### [WHAT TO DO]
Below is a listing from which only part is wanted; return exactly the lines from the one with "This boat ride holds" up to and including the one with "此次答辩会包含两个省级结项答".
BEGIN RECORDS SUPPLIED
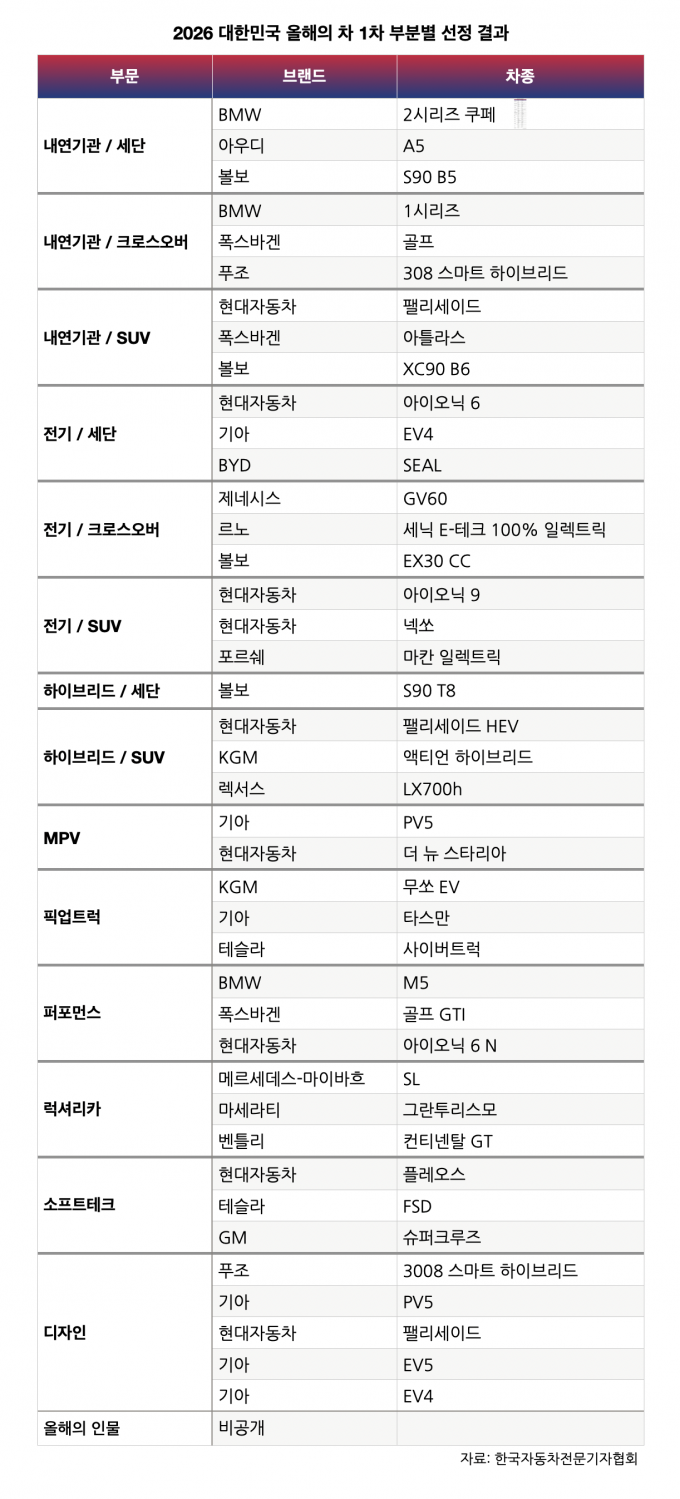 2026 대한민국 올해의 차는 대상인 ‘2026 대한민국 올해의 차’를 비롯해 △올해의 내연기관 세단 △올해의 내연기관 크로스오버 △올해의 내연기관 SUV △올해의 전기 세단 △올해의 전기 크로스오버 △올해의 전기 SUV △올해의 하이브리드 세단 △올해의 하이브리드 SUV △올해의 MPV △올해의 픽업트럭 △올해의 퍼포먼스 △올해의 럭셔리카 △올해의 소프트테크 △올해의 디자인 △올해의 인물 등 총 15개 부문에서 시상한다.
END RECORDS SUPPLIED
BEGIN RECORDS SUPPLIED
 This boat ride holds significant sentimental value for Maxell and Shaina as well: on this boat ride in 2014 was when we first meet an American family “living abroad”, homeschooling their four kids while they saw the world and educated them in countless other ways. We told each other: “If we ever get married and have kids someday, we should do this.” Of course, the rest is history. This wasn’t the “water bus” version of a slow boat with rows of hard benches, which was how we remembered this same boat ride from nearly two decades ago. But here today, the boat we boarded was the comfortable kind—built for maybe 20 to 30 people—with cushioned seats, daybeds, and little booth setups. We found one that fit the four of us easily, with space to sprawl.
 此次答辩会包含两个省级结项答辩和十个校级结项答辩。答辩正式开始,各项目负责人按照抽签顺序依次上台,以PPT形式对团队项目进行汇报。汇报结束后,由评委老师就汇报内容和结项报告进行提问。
END RECORDS SUPPLIED
### [ANSWER TO THIS TASK]
 This boat ride holds significant sentimental value for Maxell and Shaina as well: on this boat ride in 2014 was when we first meet an American family “living abroad”, homeschooling their four kids while they saw the world and educated them in countless other ways. We told each other: “If we ever get married and have kids someday, we should do this.” Of course, the rest is history. This wasn’t the “water bus” version of a slow boat with rows of hard benches, which was how we remembered this same boat ride from nearly two decades ago. But here today, the boat we boarded was the comfortable kind—built for maybe 20 to 30 people—with cushioned seats, daybeds, and little booth setups. We found one that fit the four of us easily, with space to sprawl.
 此次答辩会包含两个省级结项答辩和十个校级结项答辩。答辩正式开始,各项目负责人按照抽签顺序依次上台,以PPT形式对团队项目进行汇报。汇报结束后,由评委老师就汇报内容和结项报告进行提问。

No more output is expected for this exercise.